> **Requirement**
Word for word, please restate the line that contains "Mehrere Großgeräte sind" and all lines after it through the end of the material, minus the pictures.
####
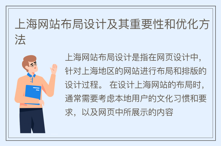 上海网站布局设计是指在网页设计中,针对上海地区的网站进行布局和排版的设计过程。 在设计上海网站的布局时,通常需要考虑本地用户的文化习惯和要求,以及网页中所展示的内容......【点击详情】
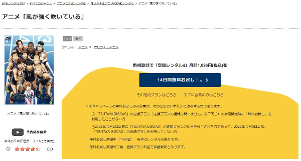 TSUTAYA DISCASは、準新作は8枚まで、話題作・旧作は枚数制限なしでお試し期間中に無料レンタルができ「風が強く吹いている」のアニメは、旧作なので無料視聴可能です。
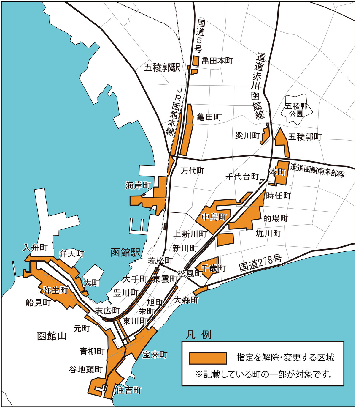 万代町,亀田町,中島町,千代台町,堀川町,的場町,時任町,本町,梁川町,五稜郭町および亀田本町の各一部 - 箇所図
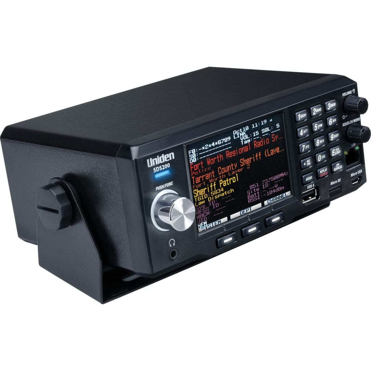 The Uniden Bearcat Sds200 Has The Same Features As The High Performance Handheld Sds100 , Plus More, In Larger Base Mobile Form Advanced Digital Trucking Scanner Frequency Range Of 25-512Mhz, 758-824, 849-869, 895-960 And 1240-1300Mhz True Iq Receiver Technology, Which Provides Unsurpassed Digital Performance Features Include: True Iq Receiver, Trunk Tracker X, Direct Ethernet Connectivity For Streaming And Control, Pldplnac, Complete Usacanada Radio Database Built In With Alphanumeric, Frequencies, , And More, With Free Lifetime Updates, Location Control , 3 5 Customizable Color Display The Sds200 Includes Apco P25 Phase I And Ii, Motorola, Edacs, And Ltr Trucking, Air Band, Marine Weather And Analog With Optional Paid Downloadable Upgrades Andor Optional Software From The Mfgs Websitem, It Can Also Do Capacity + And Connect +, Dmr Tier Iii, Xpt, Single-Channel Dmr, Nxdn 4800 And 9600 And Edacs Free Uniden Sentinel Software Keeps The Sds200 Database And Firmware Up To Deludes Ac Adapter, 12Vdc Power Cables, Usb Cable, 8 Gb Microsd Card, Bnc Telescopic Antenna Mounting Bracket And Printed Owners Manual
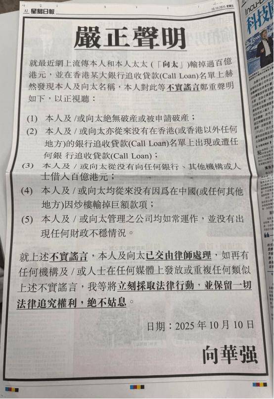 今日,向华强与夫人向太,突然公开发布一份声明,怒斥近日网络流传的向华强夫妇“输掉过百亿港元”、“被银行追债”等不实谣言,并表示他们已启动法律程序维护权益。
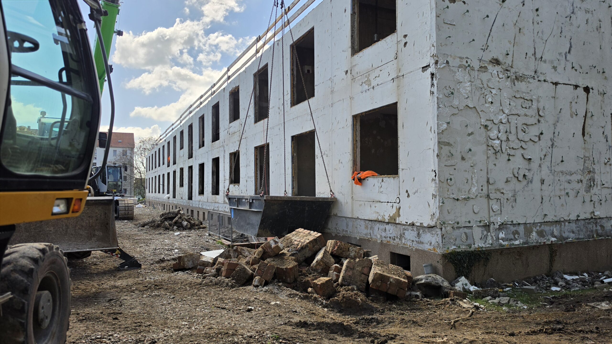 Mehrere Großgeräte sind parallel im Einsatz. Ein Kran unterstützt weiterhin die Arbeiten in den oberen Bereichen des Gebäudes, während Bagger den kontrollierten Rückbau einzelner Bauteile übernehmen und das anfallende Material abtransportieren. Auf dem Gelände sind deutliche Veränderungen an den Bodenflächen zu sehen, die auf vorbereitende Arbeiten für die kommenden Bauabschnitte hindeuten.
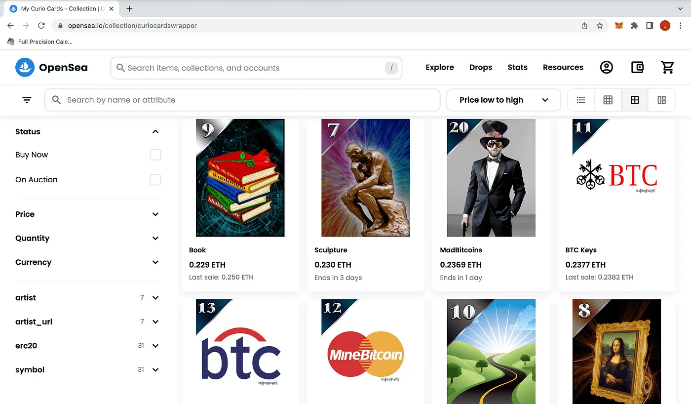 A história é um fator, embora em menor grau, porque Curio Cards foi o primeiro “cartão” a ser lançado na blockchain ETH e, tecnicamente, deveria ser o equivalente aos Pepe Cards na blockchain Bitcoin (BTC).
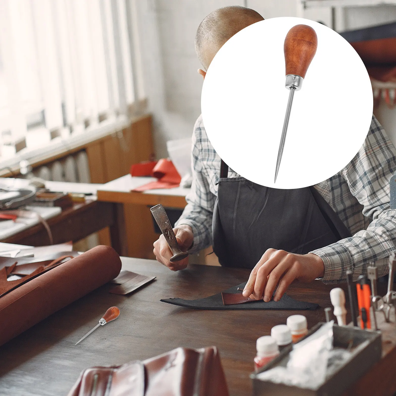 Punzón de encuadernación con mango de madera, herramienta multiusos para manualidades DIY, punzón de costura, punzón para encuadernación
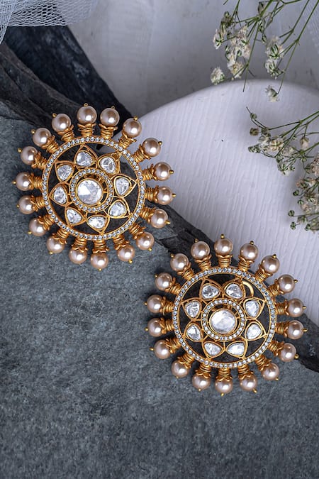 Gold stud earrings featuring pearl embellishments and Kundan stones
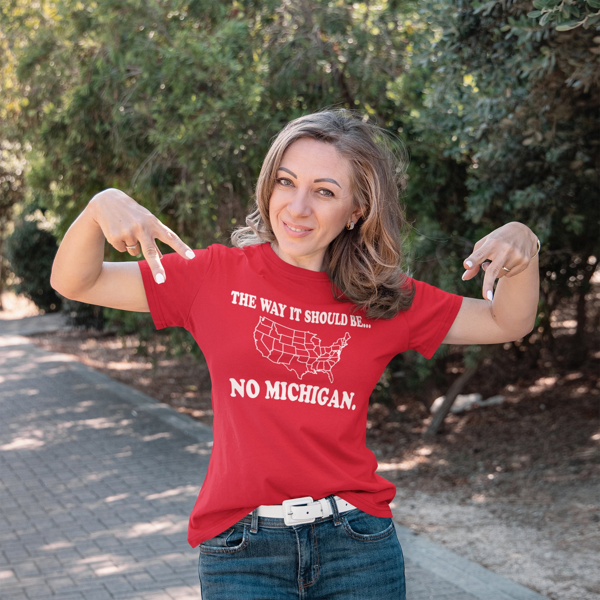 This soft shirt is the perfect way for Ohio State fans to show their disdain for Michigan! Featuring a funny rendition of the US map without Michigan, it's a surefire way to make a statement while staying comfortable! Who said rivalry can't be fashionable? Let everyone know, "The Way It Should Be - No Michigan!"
####
> **Written response**
 Mehrere Großgeräte sind parallel im Einsatz. Ein Kran unterstützt weiterhin die Arbeiten in den oberen Bereichen des Gebäudes, während Bagger den kontrollierten Rückbau einzelner Bauteile übernehmen und das anfallende Material abtransportieren. Auf dem Gelände sind deutliche Veränderungen an den Bodenflächen zu sehen, die auf vorbereitende Arbeiten für die kommenden Bauabschnitte hindeuten.
 A história é um fator, embora em menor grau, porque Curio Cards foi o primeiro “cartão” a ser lançado na blockchain ETH e, tecnicamente, deveria ser o equivalente aos Pepe Cards na blockchain Bitcoin (BTC).
 Punzón de encuadernación con mango de madera, herramienta multiusos para manualidades DIY, punzón de costura, punzón para encuadernación
 Gold stud earrings featuring pearl embellishments and Kundan stones
 This soft shirt is the perfect way for Ohio State fans to show their disdain for Michigan! Featuring a funny rendition of the US map without Michigan, it's a surefire way to make a statement while staying comfortable! Who said rivalry can't be fashionable? Let everyone know, "The Way It Should Be - No Michigan!"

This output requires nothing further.